------ Data segment
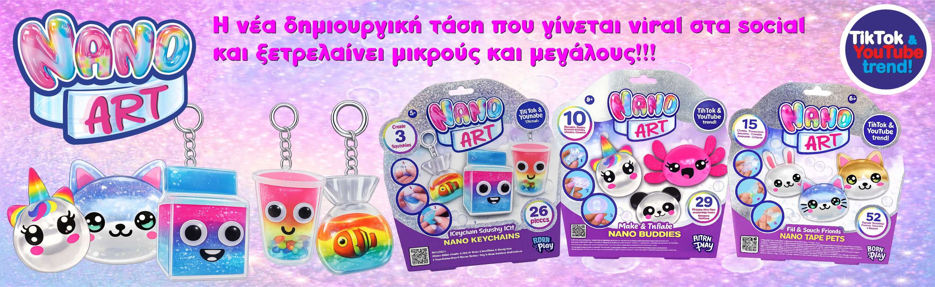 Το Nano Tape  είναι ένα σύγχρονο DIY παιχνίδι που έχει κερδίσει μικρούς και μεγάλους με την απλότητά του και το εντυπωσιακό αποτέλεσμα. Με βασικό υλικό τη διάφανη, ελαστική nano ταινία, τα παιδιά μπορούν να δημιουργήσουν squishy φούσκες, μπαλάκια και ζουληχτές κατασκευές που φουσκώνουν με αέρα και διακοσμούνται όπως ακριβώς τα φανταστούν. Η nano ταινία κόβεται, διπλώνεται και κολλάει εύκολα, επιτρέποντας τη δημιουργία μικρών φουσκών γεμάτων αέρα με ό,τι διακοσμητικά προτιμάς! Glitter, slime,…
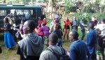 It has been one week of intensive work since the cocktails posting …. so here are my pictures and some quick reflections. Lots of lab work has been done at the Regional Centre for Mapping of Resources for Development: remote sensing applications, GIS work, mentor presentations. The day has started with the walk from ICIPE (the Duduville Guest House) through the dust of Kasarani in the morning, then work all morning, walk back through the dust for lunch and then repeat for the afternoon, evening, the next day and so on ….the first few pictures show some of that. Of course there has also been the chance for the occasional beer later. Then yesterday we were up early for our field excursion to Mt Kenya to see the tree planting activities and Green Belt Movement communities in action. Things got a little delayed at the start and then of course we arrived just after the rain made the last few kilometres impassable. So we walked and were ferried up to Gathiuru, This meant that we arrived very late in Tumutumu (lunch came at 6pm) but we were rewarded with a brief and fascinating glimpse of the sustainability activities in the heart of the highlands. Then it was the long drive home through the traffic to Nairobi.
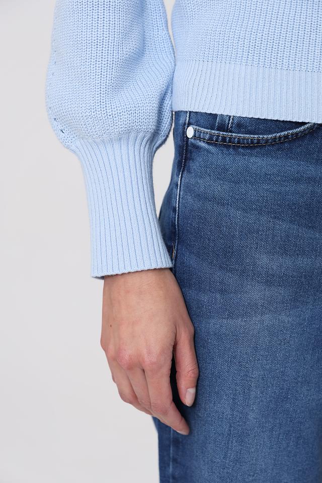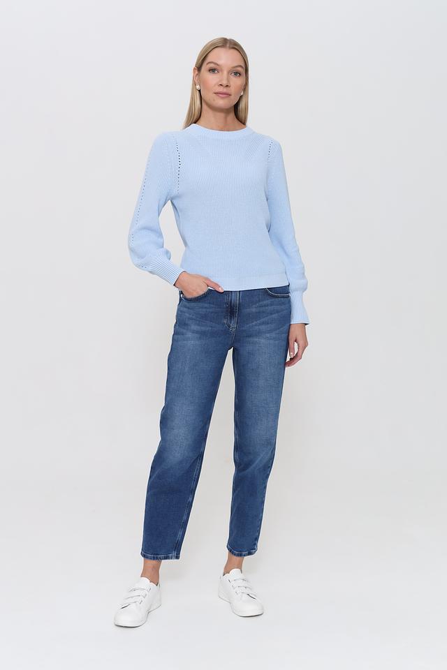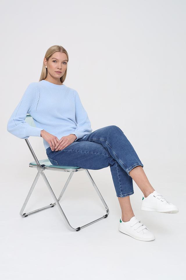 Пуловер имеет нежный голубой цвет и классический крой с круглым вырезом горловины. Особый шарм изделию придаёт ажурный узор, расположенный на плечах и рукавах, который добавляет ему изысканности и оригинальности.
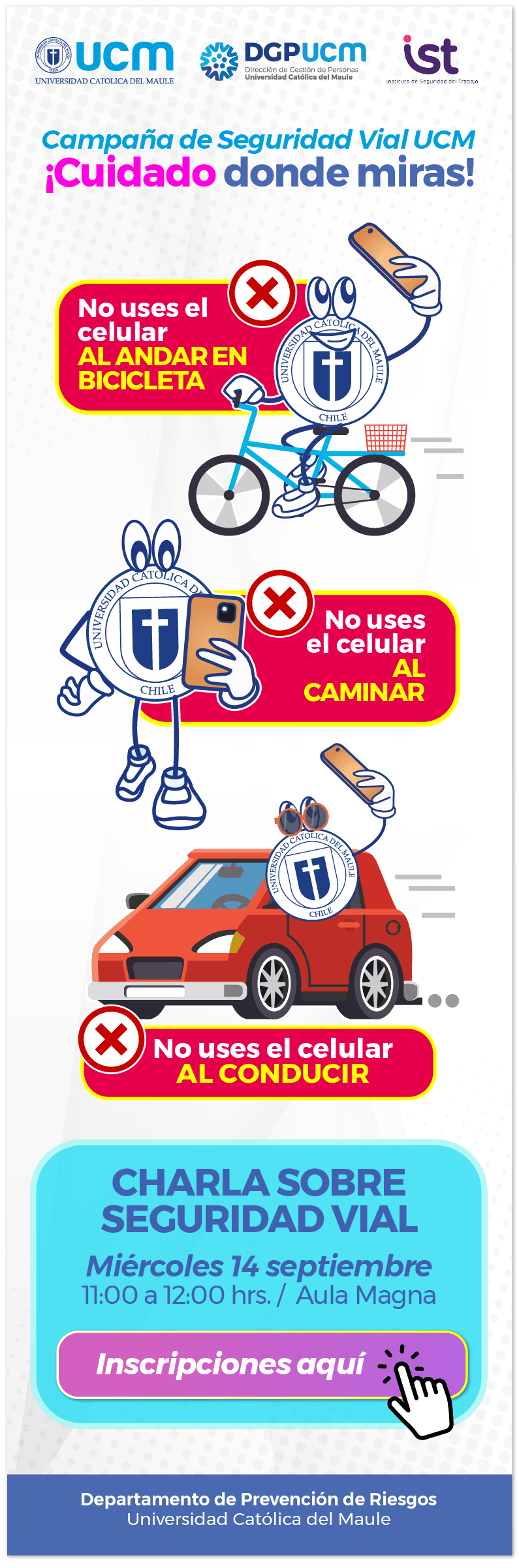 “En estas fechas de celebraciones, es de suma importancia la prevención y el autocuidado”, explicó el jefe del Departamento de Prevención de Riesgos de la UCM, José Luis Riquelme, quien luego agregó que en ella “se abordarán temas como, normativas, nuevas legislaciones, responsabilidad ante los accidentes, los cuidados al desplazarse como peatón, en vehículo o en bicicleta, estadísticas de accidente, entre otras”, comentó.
------------
**Task statement**
Write out the listing again word for word, but without its pictures.

**Worked solution**
 Το Nano Tape  είναι ένα σύγχρονο DIY παιχνίδι που έχει κερδίσει μικρούς και μεγάλους με την απλότητά του και το εντυπωσιακό αποτέλεσμα. Με βασικό υλικό τη διάφανη, ελαστική nano ταινία, τα παιδιά μπορούν να δημιουργήσουν squishy φούσκες, μπαλάκια και ζουληχτές κατασκευές που φουσκώνουν με αέρα και διακοσμούνται όπως ακριβώς τα φανταστούν. Η nano ταινία κόβεται, διπλώνεται και κολλάει εύκολα, επιτρέποντας τη δημιουργία μικρών φουσκών γεμάτων αέρα με ό,τι διακοσμητικά προτιμάς! Glitter, slime,…
 It has been one week of intensive work since the cocktails posting …. so here are my pictures and some quick reflections. Lots of lab work has been done at the Regional Centre for Mapping of Resources for Development: remote sensing applications, GIS work, mentor presentations. The day has started with the walk from ICIPE (the Duduville Guest House) through the dust of Kasarani in the morning, then work all morning, walk back through the dust for lunch and then repeat for the afternoon, evening, the next day and so on ….the first few pictures show some of that. Of course there has also been the chance for the occasional beer later. Then yesterday we were up early for our field excursion to Mt Kenya to see the tree planting activities and Green Belt Movement communities in action. Things got a little delayed at the start and then of course we arrived just after the rain made the last few kilometres impassable. So we walked and were ferried up to Gathiuru, This meant that we arrived very late in Tumutumu (lunch came at 6pm) but we were rewarded with a brief and fascinating glimpse of the sustainability activities in the heart of the highlands. Then it was the long drive home through the traffic to Nairobi.
 Пуловер имеет нежный голубой цвет и классический крой с круглым вырезом горловины. Особый шарм изделию придаёт ажурный узор, расположенный на плечах и рукавах, который добавляет ему изысканности и оригинальности.
 “En estas fechas de celebraciones, es de suma importancia la prevención y el autocuidado”, explicó el jefe del Departamento de Prevención de Riesgos de la UCM, José Luis Riquelme, quien luego agregó que en ella “se abordarán temas como, normativas, nuevas legislaciones, responsabilidad ante los accidentes, los cuidados al desplazarse como peatón, en vehículo o en bicicleta, estadísticas de accidente, entre otras”, comentó.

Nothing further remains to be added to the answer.